## AIM OF THE EXERCISE
Only those lines in the data below from the line containing "Методические указания по" through the line containing "愛知から全国へお届けする、美", both included, should be restated word for word.

## TASK MATERIAL
-- Opening Marker --

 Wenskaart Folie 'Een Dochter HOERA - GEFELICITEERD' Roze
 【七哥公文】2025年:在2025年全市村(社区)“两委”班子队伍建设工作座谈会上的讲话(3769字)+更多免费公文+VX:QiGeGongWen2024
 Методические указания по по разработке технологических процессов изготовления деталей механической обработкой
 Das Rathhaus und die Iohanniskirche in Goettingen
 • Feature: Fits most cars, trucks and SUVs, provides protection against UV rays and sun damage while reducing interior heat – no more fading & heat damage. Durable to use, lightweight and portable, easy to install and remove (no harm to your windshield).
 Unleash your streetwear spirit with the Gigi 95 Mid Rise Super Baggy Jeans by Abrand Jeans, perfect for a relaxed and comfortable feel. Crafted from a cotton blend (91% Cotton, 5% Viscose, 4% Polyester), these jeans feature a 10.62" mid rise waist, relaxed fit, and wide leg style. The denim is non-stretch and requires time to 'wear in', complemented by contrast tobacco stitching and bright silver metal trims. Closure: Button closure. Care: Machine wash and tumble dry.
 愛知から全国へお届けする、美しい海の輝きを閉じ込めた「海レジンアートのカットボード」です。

-- Closing Marker --
-- Opening Marker --

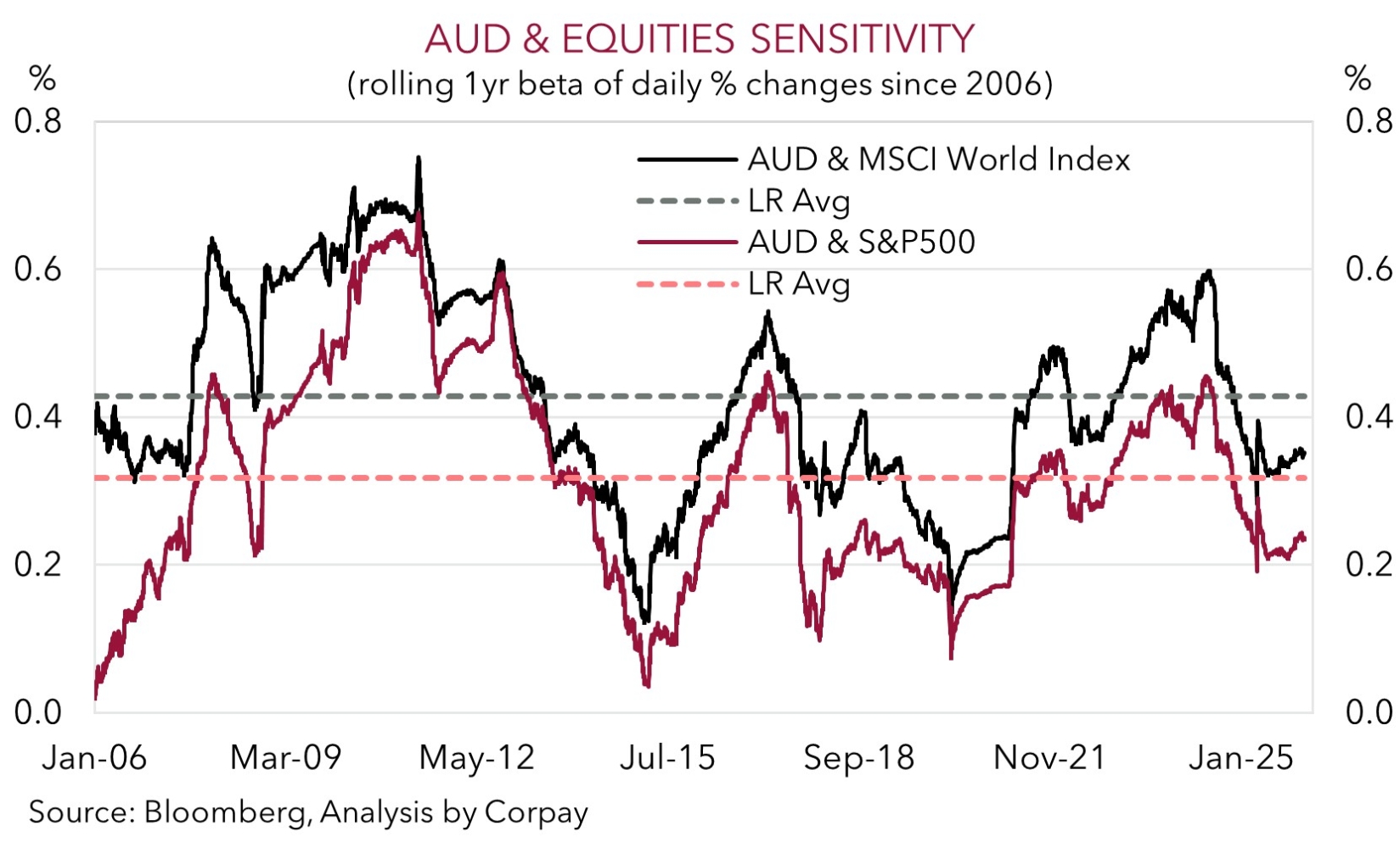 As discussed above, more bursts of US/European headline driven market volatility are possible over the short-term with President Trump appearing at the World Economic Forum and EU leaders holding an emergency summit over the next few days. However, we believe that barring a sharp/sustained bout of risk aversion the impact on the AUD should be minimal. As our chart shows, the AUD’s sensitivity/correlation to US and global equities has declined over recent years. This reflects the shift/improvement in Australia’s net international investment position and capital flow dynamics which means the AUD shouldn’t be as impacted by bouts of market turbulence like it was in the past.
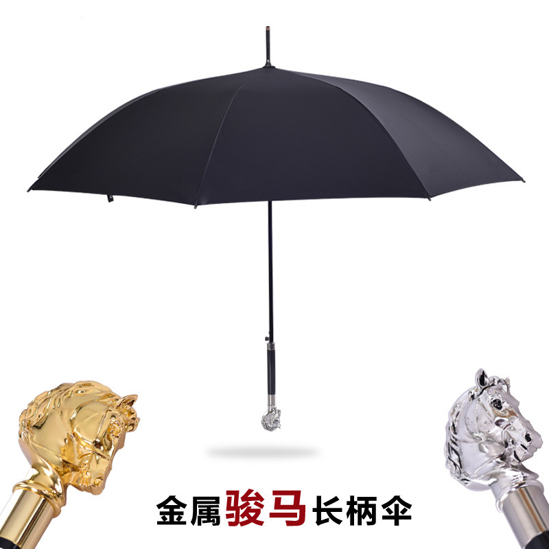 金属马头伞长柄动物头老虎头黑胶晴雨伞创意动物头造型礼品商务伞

-- Closing Marker --

## ANSWER BOX
 Методические указания по по разработке технологических процессов изготовления деталей механической обработкой
 Das Rathhaus und die Iohanniskirche in Goettingen
 • Feature: Fits most cars, trucks and SUVs, provides protection against UV rays and sun damage while reducing interior heat – no more fading & heat damage. Durable to use, lightweight and portable, easy to install and remove (no harm to your windshield).
 Unleash your streetwear spirit with the Gigi 95 Mid Rise Super Baggy Jeans by Abrand Jeans, perfect for a relaxed and comfortable feel. Crafted from a cotton blend (91% Cotton, 5% Viscose, 4% Polyester), these jeans feature a 10.62" mid rise waist, relaxed fit, and wide leg style. The denim is non-stretch and requires time to 'wear in', complemented by contrast tobacco stitching and bright silver metal trims. Closure: Button closure. Care: Machine wash and tumble dry.
 愛知から全国へお届けする、美しい海の輝きを閉じ込めた「海レジンアートのカットボード」です。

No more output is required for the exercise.